Getting a fancy degree in 5 years and earning $200k/year for 5 years Pay $0 for the first 5 years, then $40,088/year for the last 5 years for a total of $200,440 in taxes2

Earning $150k some years and $50k other years Let’s say you’re in a boom-bust industry, some years are better than others. This could be because of sales commissions or just project based work where some years you get more work.

Pay $4,241 in the bust years and $26,728 the boom years, assuming a 50/50 split that’s $154,845 in taxes paid.

Inheriting $2.5MM and withdrawing 4% a year I’m going off the principal that you can usually withdraw 4% safely per year.

This one is a little more complicated to calculate. Because of the step-up basis rule, neither side will pay anything on the inheritance. You’ll only be paying long term capital gains on the growth since inheritance of whatever you cash out.

So let’s the asset grows 5% every year and you cash out $100k. There’s a 0% rate on the first $44,625 of capital gains, so there’s nothing to tax until the asset has appreciated at least 44.6%. At 5% this doesn’t happen until year 14, but even then the standard deduction still applies so there won’t be any tax paid at all until year 203.

Earning $2.5MM yourself and withdrawing 4% a year If you didn’t inherit the stocks, you pay capital gains on any growth since you bought them. So how much they’ve grown before you start withdrawing the $100k matters but it’s still pretty low. If they’ve doubled on average, you’ll be paying ~$6000 total over the 10 years and it won’t start until the fourth year4.

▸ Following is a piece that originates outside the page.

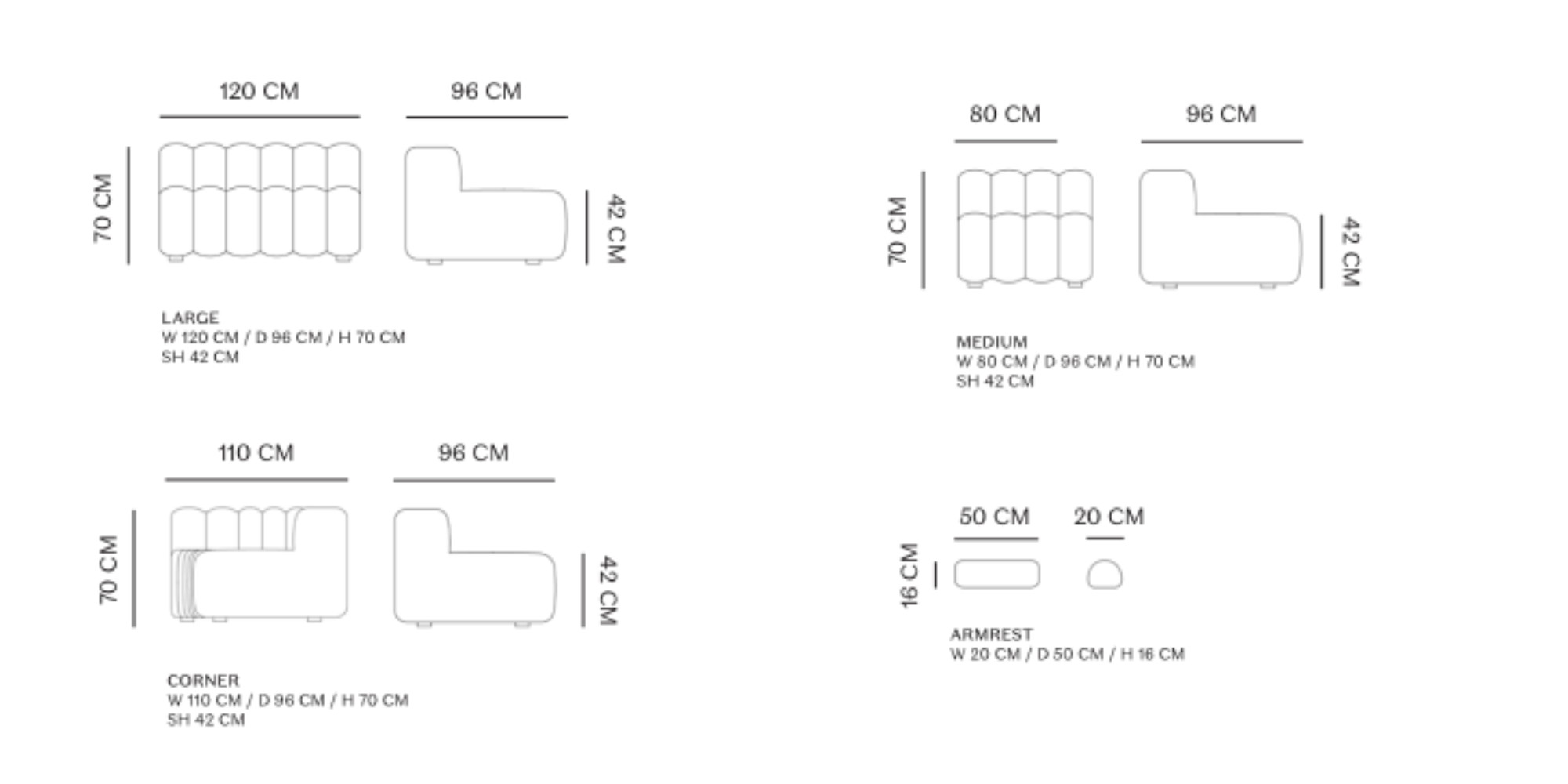 Studio kenmerkt zich door gedurfde, geribbelde bekleding geïnspireerd op de stijlen hoekbanken uit het einde van de jaren '70, op een verfijnde hedendaagse manier, wat de serie een unieke identiteit geeft. Elk Studio-module heeft zachte en vriendelijke lijnen, perfect voor leven, sociale bijeenkomsten en ontspanning, waar men zich volledig op zijn gemak kan voelen. De armleuningkussen is los en kan worden verschoven en veranderd in positie binnen de hele serie, wat een balans creëert met de geribbelde bekleding.

It doesn’t feel intuitive but if you’re selling $100k worth of stock that has doubled in value then half of it is gains so you’re only being taxed on $50k which is still under the threshold once the standard deduction kicks in. By year 4, you’re assets have grown 243% so 59% of the value of is gains and selling $100k worth finally realizes enough gains to sneak some of it into the 15% bracket.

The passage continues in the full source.